Draft Proposal does not provide any timeframe and therefore data subject could demand
erasure just after publication. This is contrary to the aim of this construction. Right to be
forgotten should not serve as an alternative for personal rights or defamatory claims solved
with omitting judiciary. Though, according to Draft Proposal it could be use in this way.
Leaving vague terms to controller’s discretion is risky as non-compliance whit request
is endangered by sanction, contrary to erasure. Once controller delete content as a result from
data subject’s demand he would not be held liable because all of the civil law and tortious
measures base on unlawful behaviour. Since he acts pursuant to Article 17(1) his acts are
always lawful.
4. Conclusion
Right to be forgotten derives from concepts aiming to protect privacy and identity and
has been conceptualised in 00s as a result of impact that information posted online have on
our image and social perception. The substance of this right is a demand that individual
addressed to controller which seeks to have personal data deleted when it is no longer
important. Yet, it is not the only construction that protects image online. Technology adopts
mechanisms that automatically erase information form devices; most websites enables its user
erasure of uploaded information manually and some of them as a result of setting expiration
date. Insurance companies offer entities reputation insurances that provide compensation of
harm caused by spread of old, negative information online.
116
For comprehensive analysis of this problem see: Ambrose, “It’s About Time: Privacy, Information Life
Cycles, and the Right to Be Forgotten.” and Meg Leta Ambrose, “A Digital Dark Age and the Right to Be
Forgotten,” Journal of Internet Law 17, no. 3 (September 2013): 1,9–20.
25
Europe is on her way to find new standard of protecting data in digital age. Draft
Regulation is a step in a right direction, however the right as proposed in Article 17 could be
improved. This construction manages with solving problems related to search engines but as
to press materials and household exception it remains very unclear.
Right to be forgotten is thought to constitute a serious threat to freedom of
expression117. European Commission washes her hands of clarifying relation between those
two and confers this obligation on Member States.
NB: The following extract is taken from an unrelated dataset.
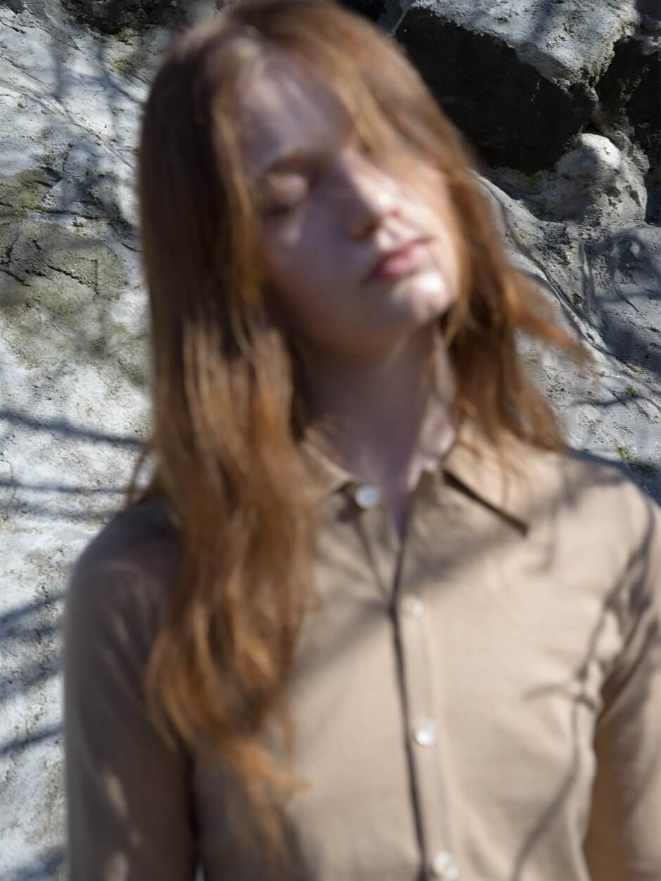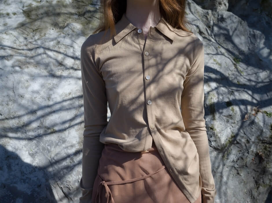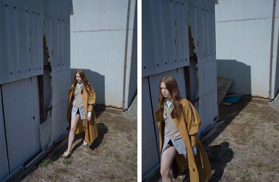 knit top by AURALEE, top, inner top, dress and trousers by ISSEY MIYAKE, shoes by MAME KUROGOUCHI

Analysis of ECtHR case law and
constitutions’ provisions leads to conclusions that probably right to be forgotten will not
apply to journalistic content, at least not in short term.
In my opinion the most egregious problem for securing our identity and privacy online
in this decade is not implementation of new laws but enforcement of the effective ones. As
cases against Google’s daughter companies show it is not a problem lodge a claim against
corporation. The real problem is how to enforce order that makes this entity erase data when
we do not know where and whose the servers that collect our personal data are. And what is
the point of imposing million-euros-fines in case when most of company’s assets are outside
Europe. Therefore architects of new data protection standards should be very meticulous
about execution phase. Otherwise protection of privacy turns out to be illusion.
117
Steven Bennett, “The ‘Right to Be Forgotten’: Reconciling EU and US Perspectives,” Berkeley Journal of
International Law 30, no. 1 (April 1, 2012): 164.